TASK PROMPT
Restate all data exactly. No images.

DATASET EXCERPT
__________

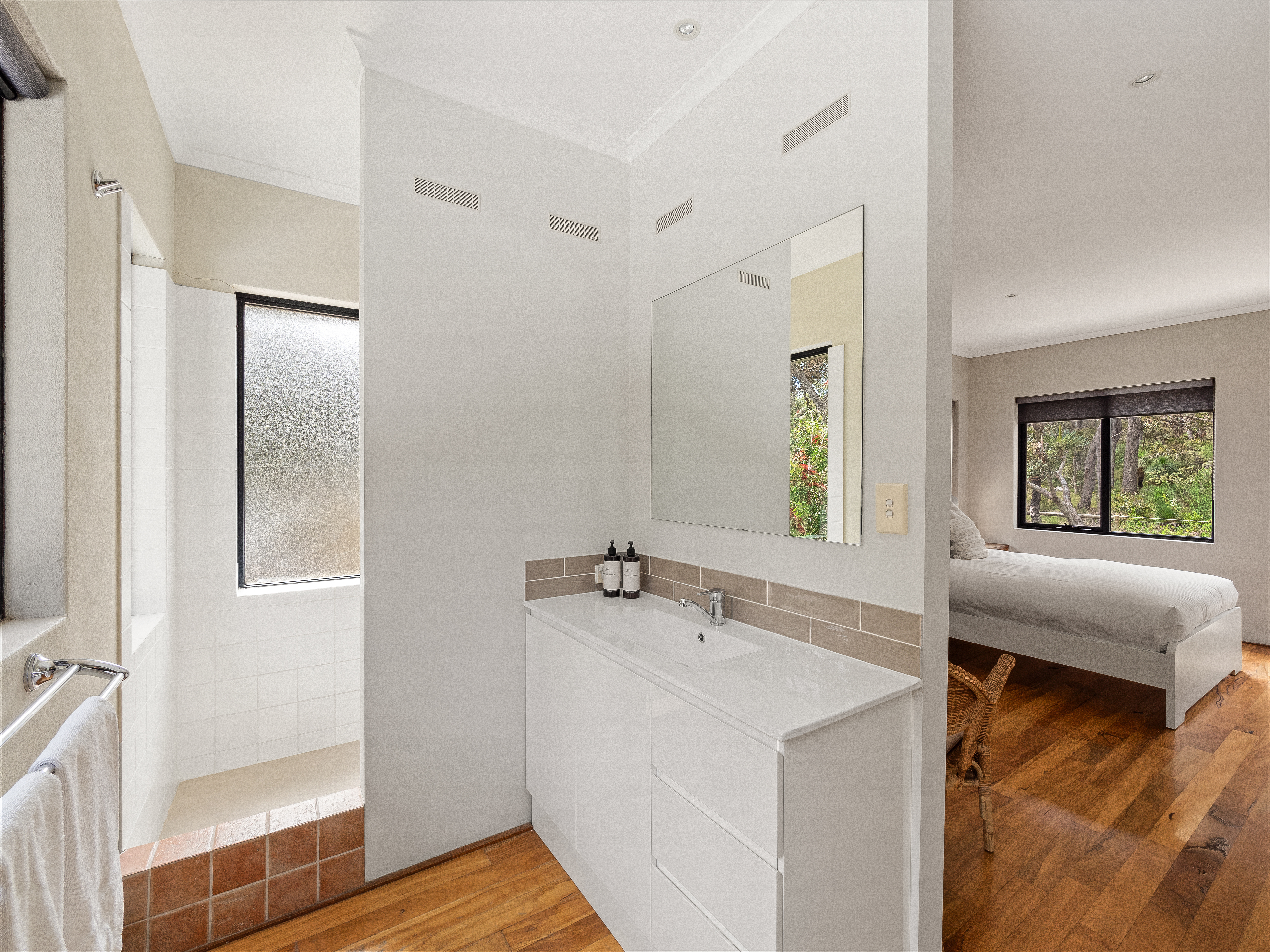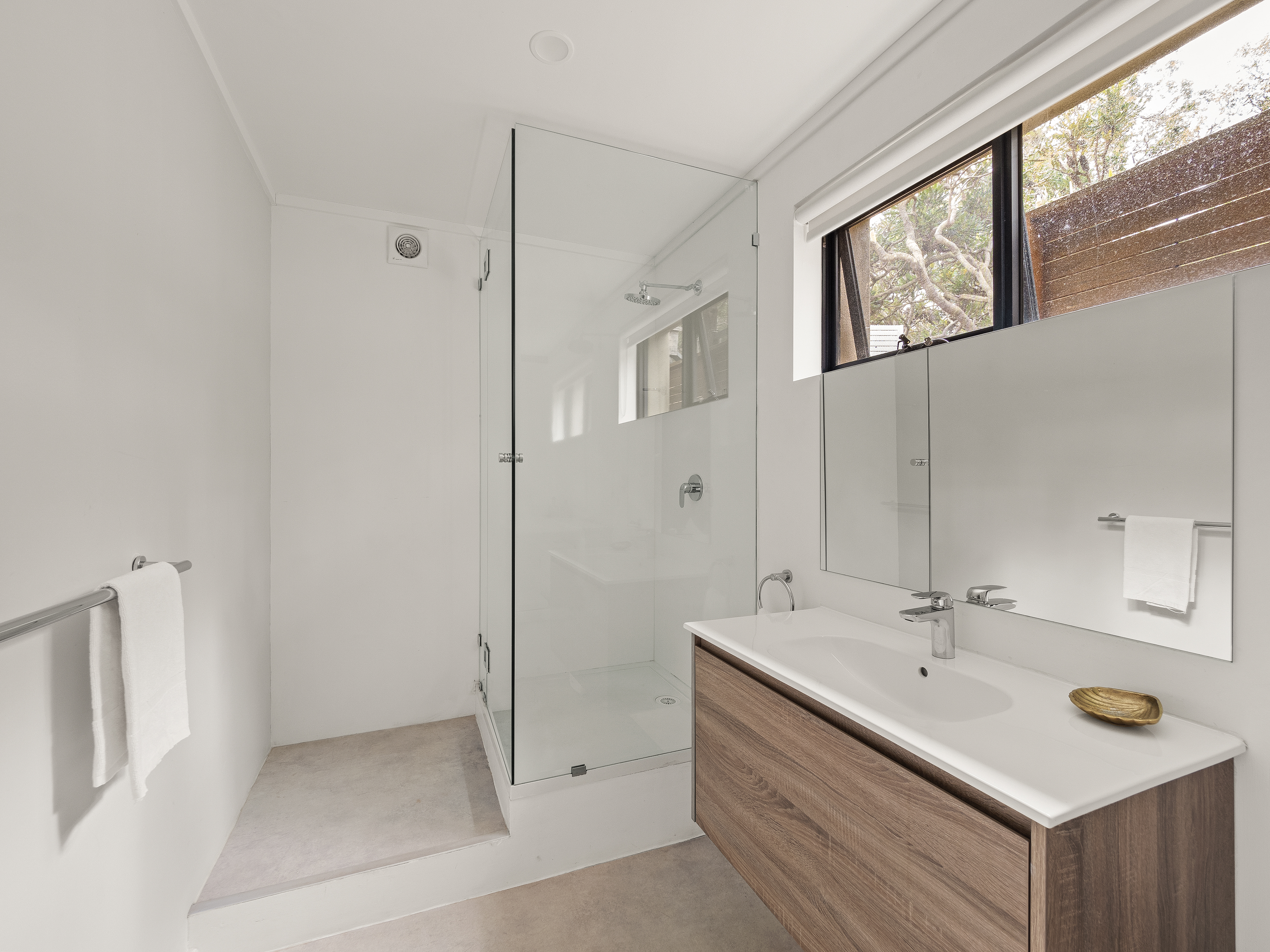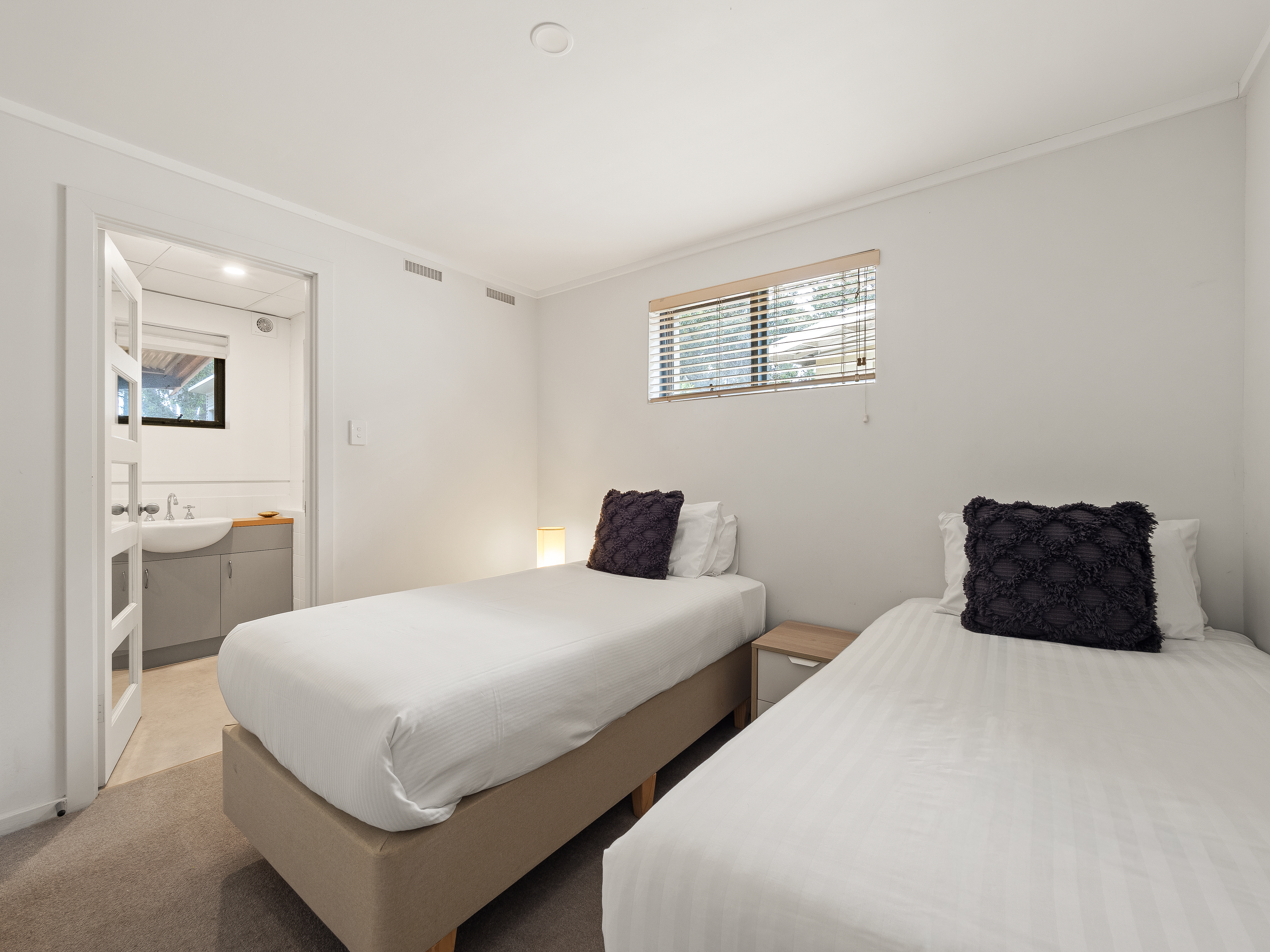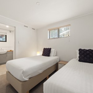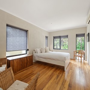 This two-story, three-bedroom, three-bathroom house boasts spectacular bush and valley views, and is hidden amongst the trees, providing a peaceful and secluded atmosphere. The master bedroom features a luxurious ensuite, and each bedroom is elegantly furnished for a comfortable stay.
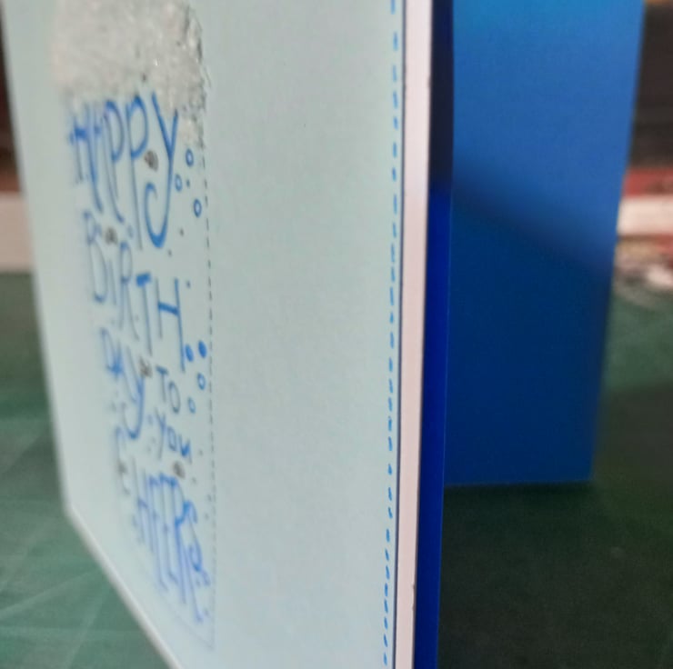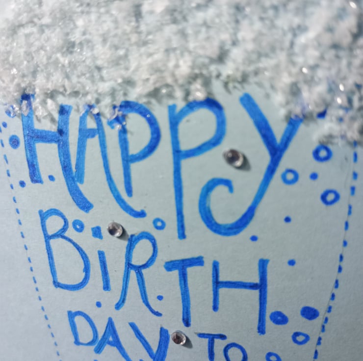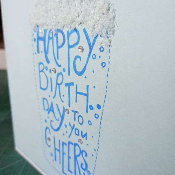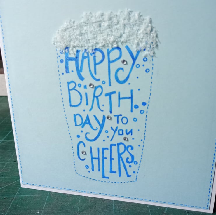 A completely handmade and unique designed card. Consisting of a glass hand drawn in blue. Flower soft for top. Happy birthday to you cheers handwritten. On blue card which is mounted onto quality pristine white card .
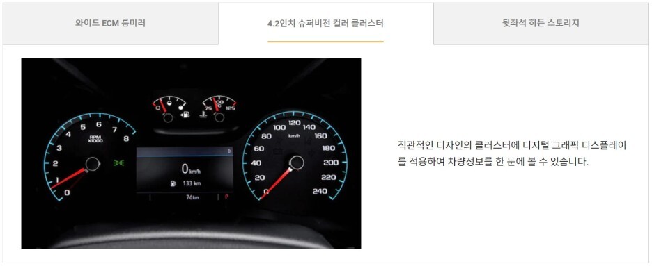 신형 콜로라도 계기판과 비교해 보면, 한 세대 차이의 차량이 아닌 것처럼 보이죠?
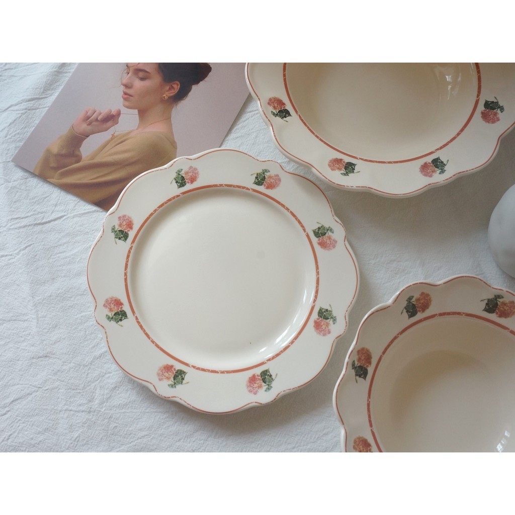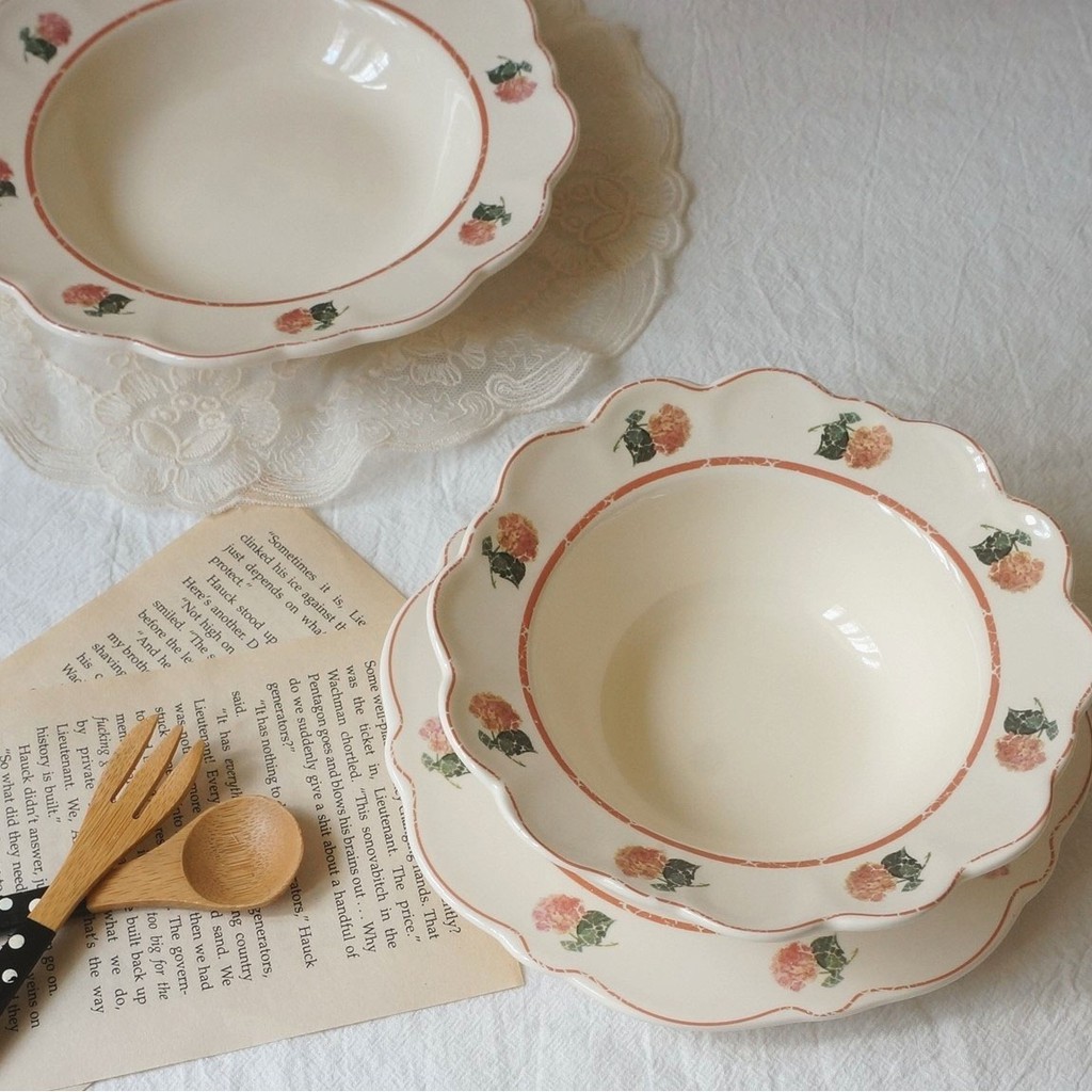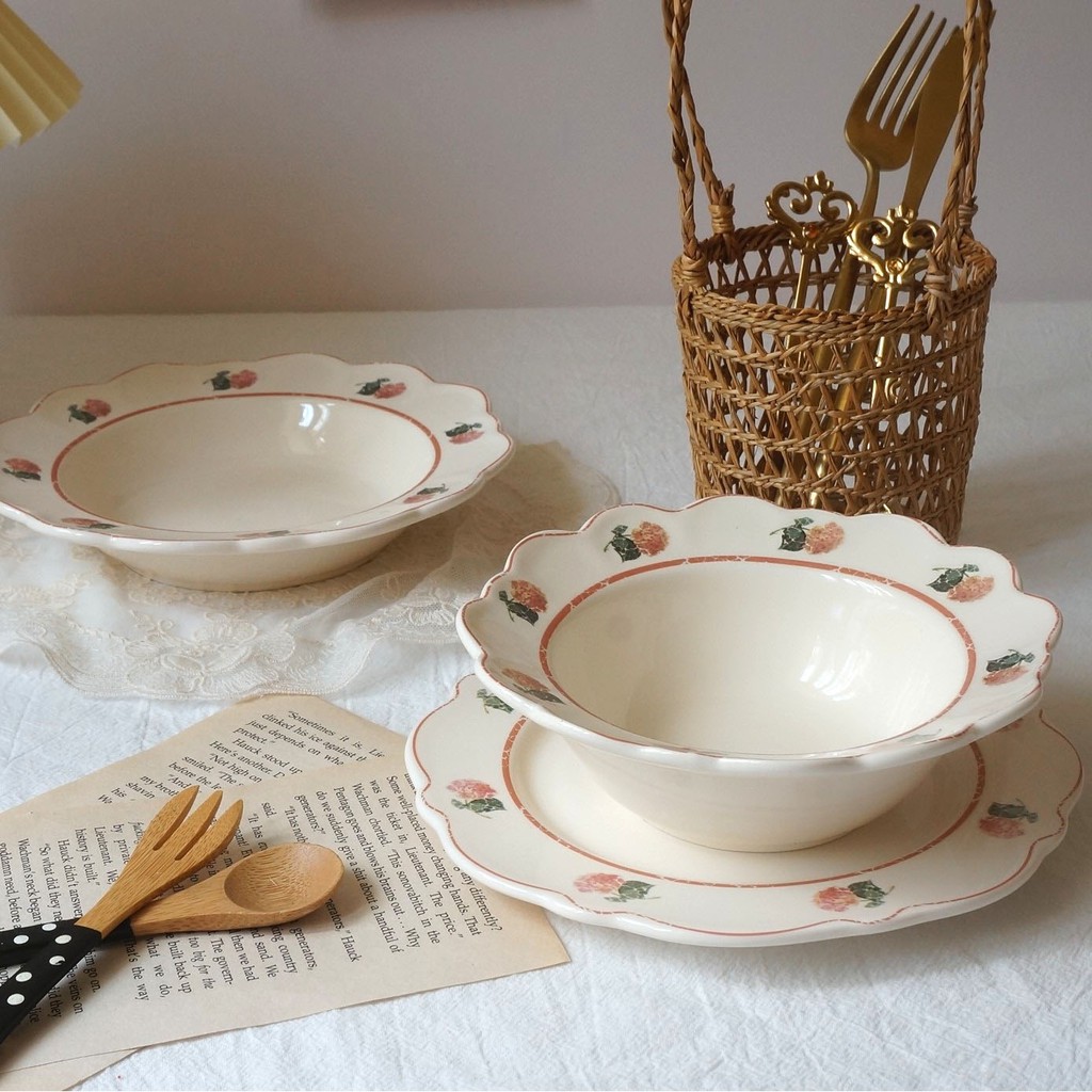 Nhà cửa & Đời sống > Bộ đồ bàn ăn > Tô || Bộ bát đĩa sứ hoa hồng Set bát đĩa hoa vintage phong cách Hàn QuốcCòn hàng

__________

FINAL ANSWER
 This two-story, three-bedroom, three-bathroom house boasts spectacular bush and valley views, and is hidden amongst the trees, providing a peaceful and secluded atmosphere. The master bedroom features a luxurious ensuite, and each bedroom is elegantly furnished for a comfortable stay.
 A completely handmade and unique designed card. Consisting of a glass hand drawn in blue. Flower soft for top. Happy birthday to you cheers handwritten. On blue card which is mounted onto quality pristine white card .
 신형 콜로라도 계기판과 비교해 보면, 한 세대 차이의 차량이 아닌 것처럼 보이죠?
 Nhà cửa & Đời sống > Bộ đồ bàn ăn > Tô || Bộ bát đĩa sứ hoa hồng Set bát đĩa hoa vintage phong cách Hàn QuốcCòn hàng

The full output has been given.